During Art Rotterdam 2017, Upstream Gallery proudly presents a group exhibition that consists of solely digital works by Marc Bijl, Harm van den Dorpel, Constant Dullaart, Jeroen Jongeleen, Jan Robert Leegte, Rafaël Rozendaal and Pepo Salazar. Since 2014, the gallery has presented a variety of exhibitions in which the impact of digital culture on the visual arts was shown. Among them was Shifting Optics, a series of signaling group exhibitions that presented both a new generation of artists that have embraced a digital working method, as well as pioneers who were using computers and the Internet already in their art in the twentieth century. In the meantime, the urgency of digital art is more and more recognised by institutions and a wider audience, as reflected in the recent joint acquisition by Stedelijk Museum Amsterdam and MOTI Breda of 17 works by contemporary digital artists, as well as recent and current exhibitions such as Electronic Superhighway at Whitechapel Gallery, Human / Digital: A Symbiotic Love Affair at Kunsthal Rotterdam, and Sleep Mode. The Art of the Screensaver at Het Nieuwe Instituut.
Harm van den Dorpel
Harm van den Dorpel (NL, 1981) is a Berlin-based conceptual artist. His broad practice includes the creation of sculpture, collage, computer animation, computer generated graphics and interaction design. He is regarded a key figure in Post-internet Art. In his work he investigates how algorithms can analyse digital archives and guide the artist in aesthetic decision taking, leading to a symbiosis of man-machine art creation. Using computer programming he describes traditional notions in art, such as for example the free use of intuition and expression. Conclusions from his research are then fed back in the production of new work. His ultimate goal is to reveal the reasoning structure of his own consciousness, and his implicit associations and assumptions. In this proces he borrows ideas from psychoanalysis, the writing of Jacques Derrida, and Artificial Intelligence (which he studied).
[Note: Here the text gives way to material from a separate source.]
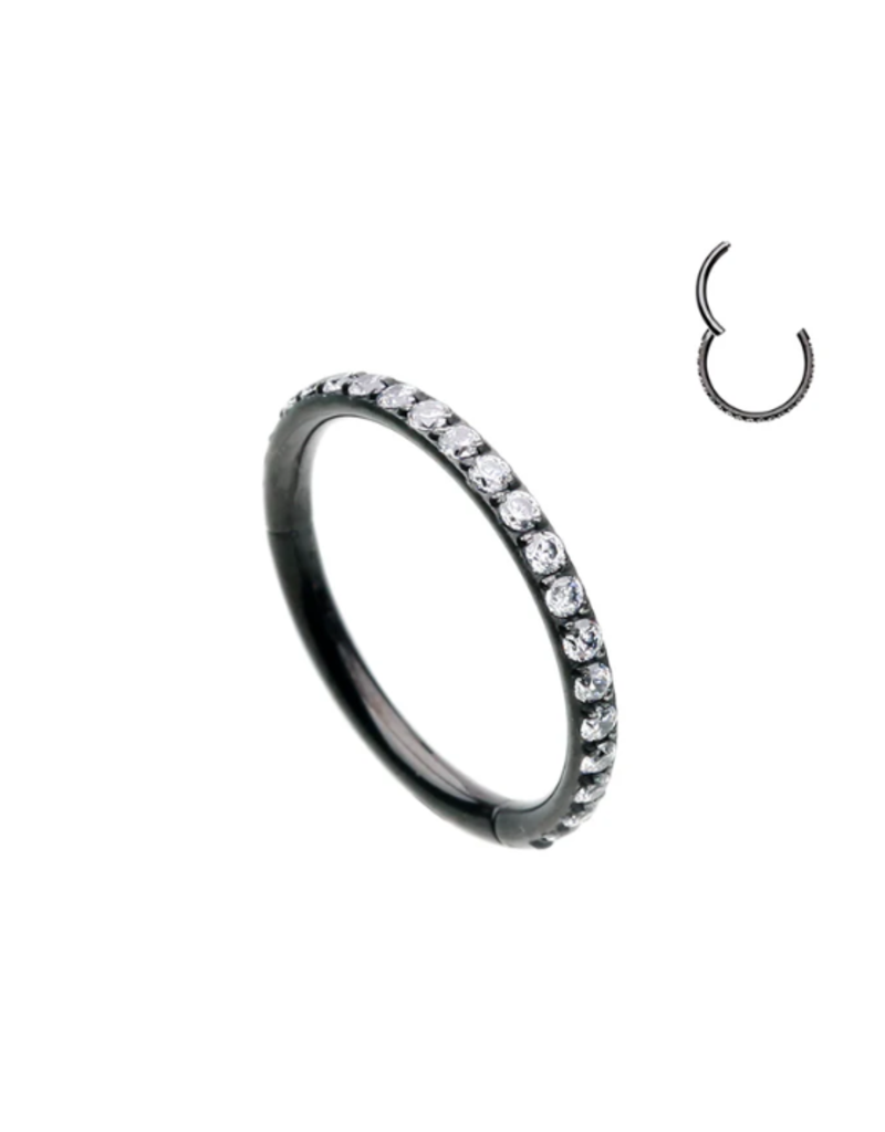316L Surgical steel hinged segment ring with clear side-facing cubic zirconia. These beautiful jewelled clickers look great in the nostril, daith, rook, snug, helix or tragus.

Constant Dullaart (NL, 1979) is a former resident of the Rijksakademie in Amsterdam and now lives and works in Berlin and New York. In 2015, Dullaart was awarded with the Prix Net-Art. Like the work of his digital native peers, Dullaart’s often conceptual work manifests itself both online and offline. Within his practice, he reflects on the broad cultural and social effects of communication and image processing technologies while critically engaging the power structures of mega corporations that dramatically influence our worldview through the internet. He examines the boundaries of manipulating Google, Facebook and Instagram and recently started his own tech company Dulltech™ with Kickstarter.
Jeroen Jongeleen (NL, 1969) is an experimental visual artist, operating in various media, but always focused on how we deal with public space: the way we define, frame, limit and controle it. In his interventions, legal as well as lesser legal, he questions the role art can play in this. Where traditionally an artist paints with paint, a sculptor sculpts or videos are made with a camera, at this stage of his practice Jeroen runs his art through running.
Jan Robert Leegte
Jan Robert Leegte (NL, 1973) is among the first artists who were involved in the 90s NetArt movement. Since 1997, he creates art in the form of websites, which he connects to art historical movements such as minimalism, land art and conceptualism. Leegte also translates the themes of his work to offline media such as print, sculpture and projections. A reoccurring theme in his work is the sculptural materiality of interfaces of computer programs. Like the early graphic design of cursors, selection boxes and menu bars that were to give the user the impression of actually physically pressing the buttons with graphic shadows. Leegte often uses these components and by placing them in a new context, giving them their own, sculptural legitimacy.
Pepo Salazar (ES, 1972) lives and works in Paris. In the work of Pepo Salazar the iconoclastic aesthetics of movements such as punk, rebellious attitudes or teenage vandalism, merge into constant allusions to the history of art, to utopian avant-garde movements, such as Dada, Situationist proposals or contemporary philosophy. All of them are vital options of commitment and of the struggle to transform society, a struggle that is largely dead and buried today, gruesomely swallowed up and placed at the service of the very same system that it denounces. Salazar has had several solo exhibitions at Upstream Gallery. He represented Spain at the 56th Venice Biennale, 2015. His work was also part of exhibitions in Artium (Spain), Palais de Tokyo (Paris), Kunstlerhaus Bethanien (Berlin), Art in General (New York), TRAFO Museum (Singapore), Fundación Tàpies (Barcelona) and the Guggenheim (Bilbao).
Rafaël Rozendaal (NL, 1980) is a Dutch-Brazilian artist who lives in New York. In this last decade Rozendaal has made name with his artworks in the shape of websites through which he reaches an audience of over 60 million unique visitors a year. Since a couple of years he also produces physical works – in which the internet is however never far away. For Rozendaal, the Internet functions as studio, canvas and exhibition space all in one. Since 2001, he has been creating artworks in the form of websites. These works exist purely online: they have no physical form or location. The websites are based on a set of rules, and finding out how they work is up to the visitor.